Баратов поднялся со своего, уже облюбованного им места за старой раскидистой липой и подошел к Никишеву. Тот тоже смотрел вслед раздельно идущей паре.
За столами уже никого не было, и приятели могли без помех обмениваться мыслями.
— Как красиво эта женщина несет ребенка! — шепотом восторгался Баратов. — В каждом ее движении столько сильной и нежной грации!..
— О которой, кстати, она и не думает, — сказал Никишев.
— А как ты себе представляешь, Андрей, о чем Шура сейчас думает?
— Может быть, о своем ребенке, которого из-за тяжелой жизни ей не удалось сохранить. Теперь к этому маленькому Васятке устремилось ее голодное материнское чувство.
— Да! Действительно! — увлекся новой мыслью Баратов. — Вот почему, как мне сегодня открылось, сердце Шуры сейчас раздирается противоречиями: к кому же тянется ее душа?.. Знаешь, до сегодняшнего дня мне как-то не приходило в голову, что в ней может происходить своя внутренняя борьба… Как, например, небрежно она ответила Шмалеву? Да, ты тоже заметил?.. Черт возьми, а ведь так не обращаются с тем, кого любят… Признаюсь, наша «богиня» сегодня меня смутила…
— Благодаря тебе же самому, Сергей.
— То есть… как это?
— Да вот так… Ты уже заранее «объяснил» ее, и даже «назначил», кого ей нужно любить и кто ей больше подходит…
— Ну, что же… винюсь, — недовольно вздохнул Баратов. — Мои предположения казались мне правильно угаданными. Я вижу в этой женщине страстную и поэтическую натуру, ищущую счастья и радости, которых она пока не видит вокруг себя…
— А ты не задумывался, Сергей, не слишком ли узкий и условный круг жизненных впечатлений ты очертил вокруг Шуры?

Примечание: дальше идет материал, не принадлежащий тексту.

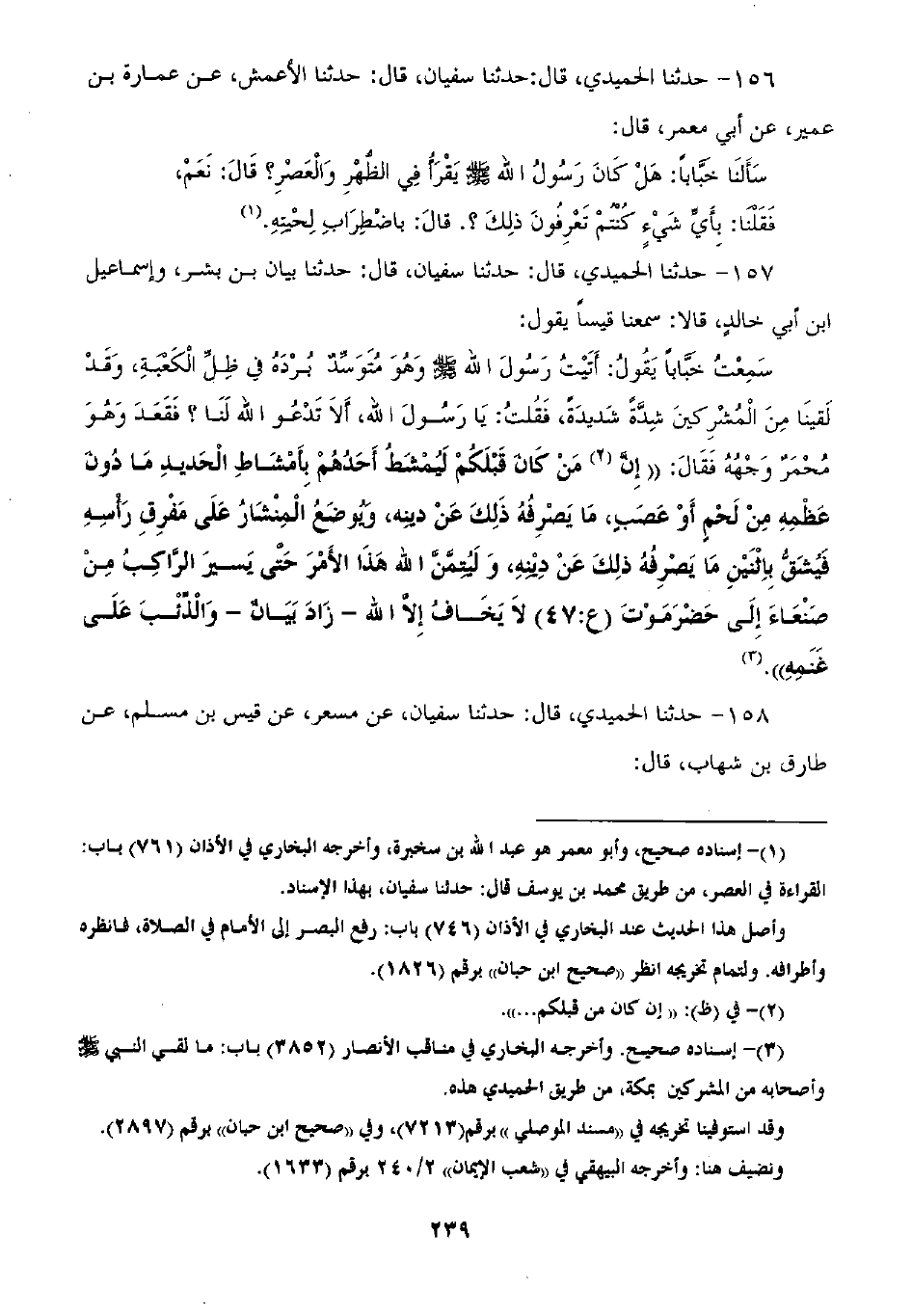 157 - حَدَّثَنَا الْحُمَيْدِيُّ قَالَ: ثنا سُفْيَانُ قَالَ: ثنا بَيَانُ بْنُ بِشْرٍ، وَإِسْمَاعِيلُ بْنُ أَبِي خَالِدٍ قَالَا: سَمِعْنَا قَيْسًا يَقُولُ: سَمِعْتُ خَبَّابًا يَقُولُ: أَتَيْتُ رَسُولَ اللَّهِ صَلَّى اللهُ عَلَيْهِ وَسَلَّمَ وَهُوَ مُتَوَسِّدٌ بُرْدَهُ فِي ظِلِّ الْكَعْبَةِ وَقَدْ لَقِينَا مِنَ الْمُشْرِكِينَ شِدَّةً شَدِيدَةً فَقُلْتُ: يَا رَسُولَ اللَّهِ أَلَا تَدْعُو اللَّهَ لَنَا؟ فَقَعَدَ وَهُوَ مُحْمَرٌّ وَجْهُهُ فَقَالَ: «§إِنْ كَانَ مَنْ كَانَ قَبْلَكُمْ لَيُمْشَطُ أَحَدُهُمْ بِأَمْشَاطِ الْحَدِيدِ مَا دُونَ عَظْمِهِ مِنْ لَحْمٍ أَوْ عَصَبٍ مَا يَصْرِفُهُ ذَلِكَ عَنْ دِينِهِ، وَيُوضَعُ الْمِنْشَارُ عَلَى مَفْرِقِ رَأْسِهِ فَيُشَقُّ بِاثْنَيْنِ مَا يَصْرِفُهُ ذَلِكَ عَنْ دِينِهِ، وَلَيُتِمَّنَّ اللَّهُ هَذَا الْأَمْرَ حَتَّى يَسِيرَ الرَّاكِبُ مِنْ صَنْعَاءَ إِلَى حَضْرَمَوْتَ لَا يَخَافُ إِلَّا اللَّهَ» زَادَ بَيَانٌ «وَالذِّئْبَ عَلَى غَنَمِهِ»

— Но для художника, я всегда был в этом убежден, Андрей, лучше сузить, ограничить свое художественное задание. Еще Гете учил искусству строгого отбора, уменью ограничивать себя количественно ради художественного качества!
— Да что ты, Сергей, жизнь хочешь подвести под собственное творческое задание? Мало ли как мы сами внутри себя располагаем потом наблюденное и прочувствованное нами, художниками? Но когда живая, независимая от всех твоих планов, жизнь обстает тебя, ты впитываешь ее во всей широте, в звуках, красках, словом так полно, как только все твои чувства и мысли могут охватить ее!.. Как можно уйти от всего этого?!
— Я знаю тебя, Андрей Матвеич… ты, как двужильный носильщик, набираешь такой груз впечатлений, что уж еле дышать можешь… и все-таки продолжаешь жадничать… Но перейдем к нашей героине. Скажи мне, положа руку на сердце, какое преимущество дает тебе твоя жадность к широте впечатлений и так далее… в отношении вот этой Шуры?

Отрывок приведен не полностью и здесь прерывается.